If you still have the factory original sound system in your 1999 car, I am 99% sure that it will only play Audio CDs. It may not work with Audio CDs burned onto CD-RW discs and may not work with some CD-R discs as well.

How old is the CD player on your home stereo?


----------



## Dat (Apr 7, 2005)

My home stereo system says it plays mp3 on it. I bought a bundle of disks that says dvd-r on it. I still have the original copies of the music cd. When you insert it in the computer cd drive it offers to save it to the music library. Then I just copied that from the library to the blank cd drive. That was what I did. But how to copy the music under an audio format that will play in an old car stereo ?


----------



## cwwozniak (Nov 29, 2005)

Dat said:


> I bought a bundle of disks that says dvd-r on it.


Other than having the same physical dimensions, a DVD-R disc is very different from a CD-R disc.
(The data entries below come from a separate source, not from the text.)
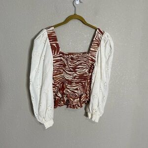Anthropologie Love the Label Eyelet Puff Sleeve Mixed Print Blouse Small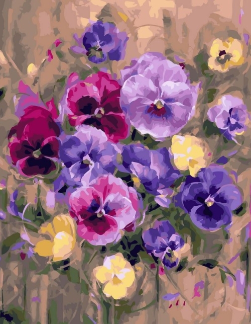Tapyba pagal skaičius Pastelinių našlaičių puokštė 40x50 cm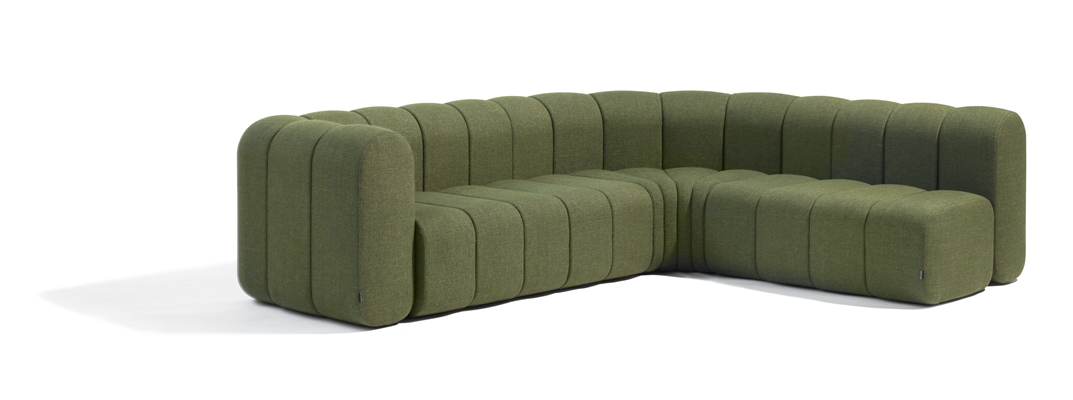 Het team van Front is verantwoordelijk voor de bank Button; de stoffering is gecapitonneerd met, inderdaad, grote knopen. Daarmee kunnen tegelijkertijd diverse accessoires worden vastgemaakt, zoals een hoofdkussen, een tafelblad of een gevlochten mandje bij de armleuning. Het mandje is overigens handwerk volgens een eeuw oude traditie, gevlochten door een kleine gemeenschap in midden-Zweden.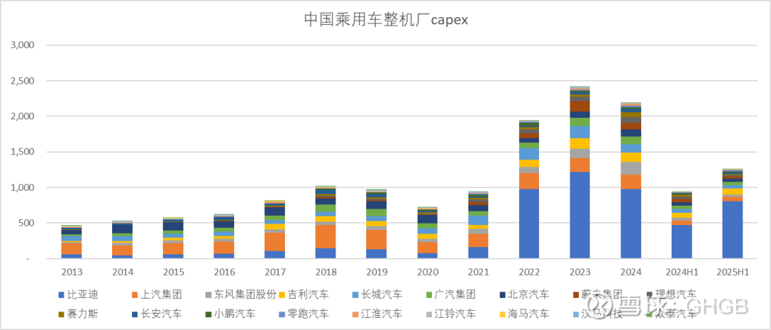 我们可以看到2022年开始连续3年,中国乘用车整机capex达到每年2000亿以上的体量,三年累计投入近7000亿,2025年同比继续提高34%。这还没考虑粗粮和未上市公司等新进入者。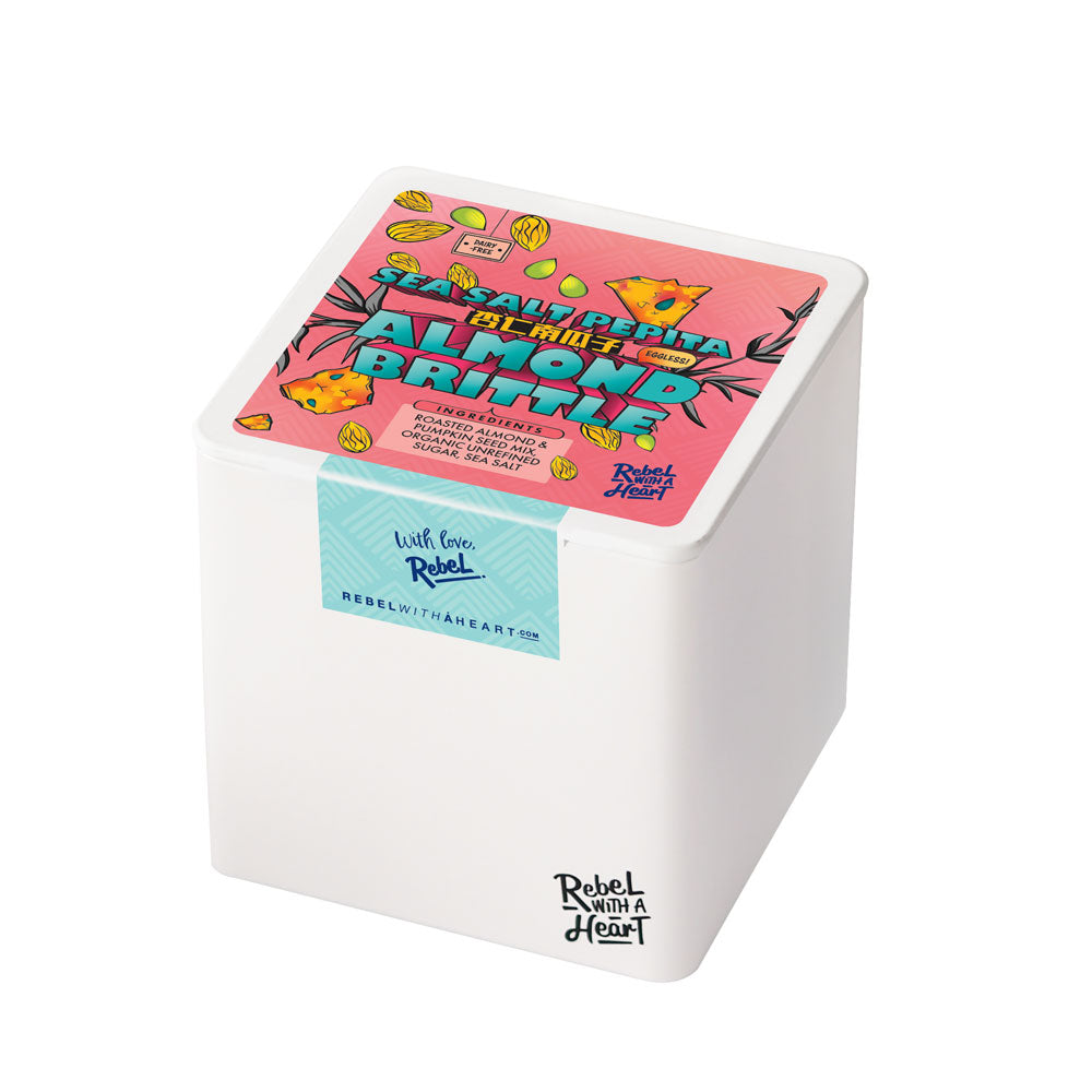 Inspired by our local traditional nut candy. Caramelised cane sugar and a dash of sea salt is cooked into a sweet and savory liquid gold that a mixture of pepita and chopped almond gets tossed into. A pair of strong arms are then required to quickly roll the concoction into thin golden crisps. A perfect balance of sweet and salty, these delectable brittles consist of a smoky aroma and an irresistible crunch.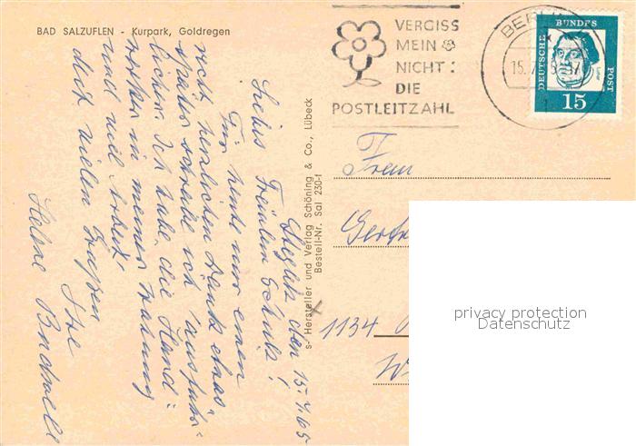 72889942 alte Postkarte Bad Salzuflen Kurpark Goldregen postalisch gelaufen Erhaltung siehe scans [FriedD77] KatCode: 11110005766008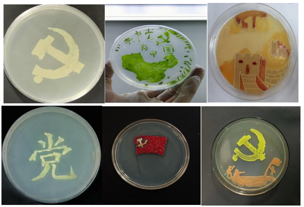 本次活动由线上作品征集、线上投票、优秀作品校园展示三阶段构成。自 12 月上旬活动正式启动以来,共收到各类投稿作品 111 份。同学们把微生物当作别具一格的 “画笔” 与 “颜料”,运用所学专业知识,依靠扎实的专业技能,进行主题创作,有的同学用菌液书写 “党” 字,画党旗党徽;有的同学以党史故事为灵感,创作出一幅幅充满巧思的画作,将爱国爱党之情在作品中生动展现。线上投票环节反响热烈,吸引了 876 人次积极参与,广大师生纷纷为喜爱的作品投出宝贵一票。经过综合评审,10 份优秀作品脱颖而出,相关获奖作品在员工社区皂角树广场、“筑梦先锋”党员服务角、党建工作站等进行陆续展出,吸引了众多师生驻足欣赏。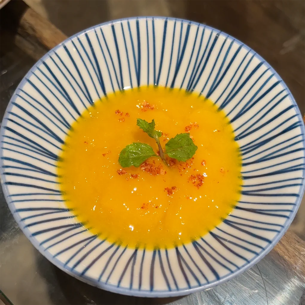 Mango Soup | ["mango","water","mint","spices"] | ["mango:300g","water:50g"] | |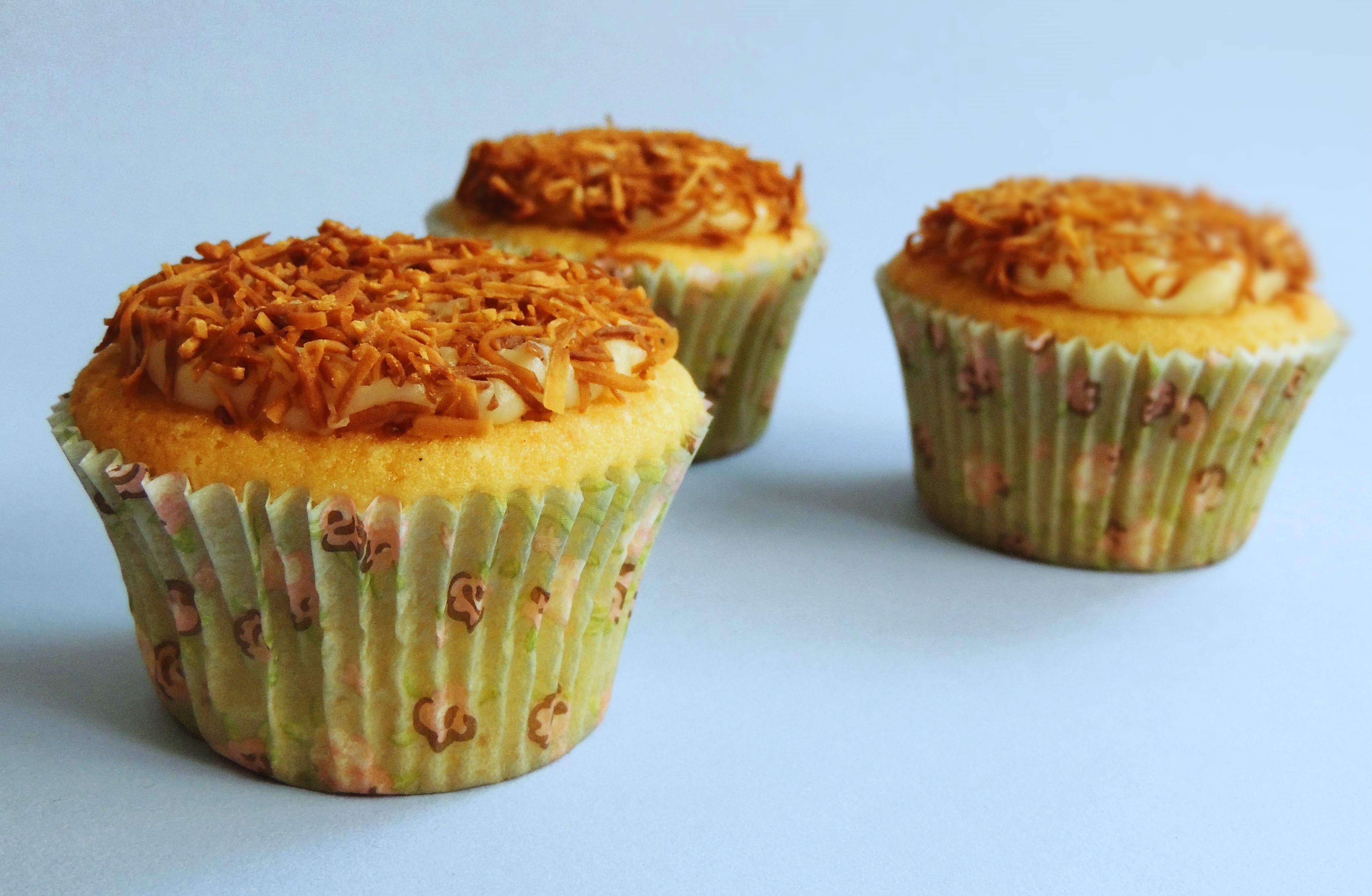Uma vez frio, faça um buraco no centro de cada cupcake, recheie e cubra com o brigadeiro, usando uma espátula pequena. Decore com flocos de coco queimado.

Do the specifications for your home stereo system specifically say it can read MP3 files from a DVD-R disc or just from a CD or CD-R disc?

You will need to try burning an audio CD using a CD-R disc and then see if it will work in you car stereo. You may need to experiment with CD-Rs from different manufacturers to find one that play back reliably in you car.

What software are you using to add audio CDs to your library and what software are you using to burn the CDs?


----------



## Dat (Apr 7, 2005)

Hi, My home stereo says that it reads wma and mp3. My car stereo i am not sure. I will buy some cd-r to test. Thank you for you help.


----------



## CTPhil (Jan 5, 2006)

Sometimes car CD players just won't play home burned CD's no matter what you do.


----------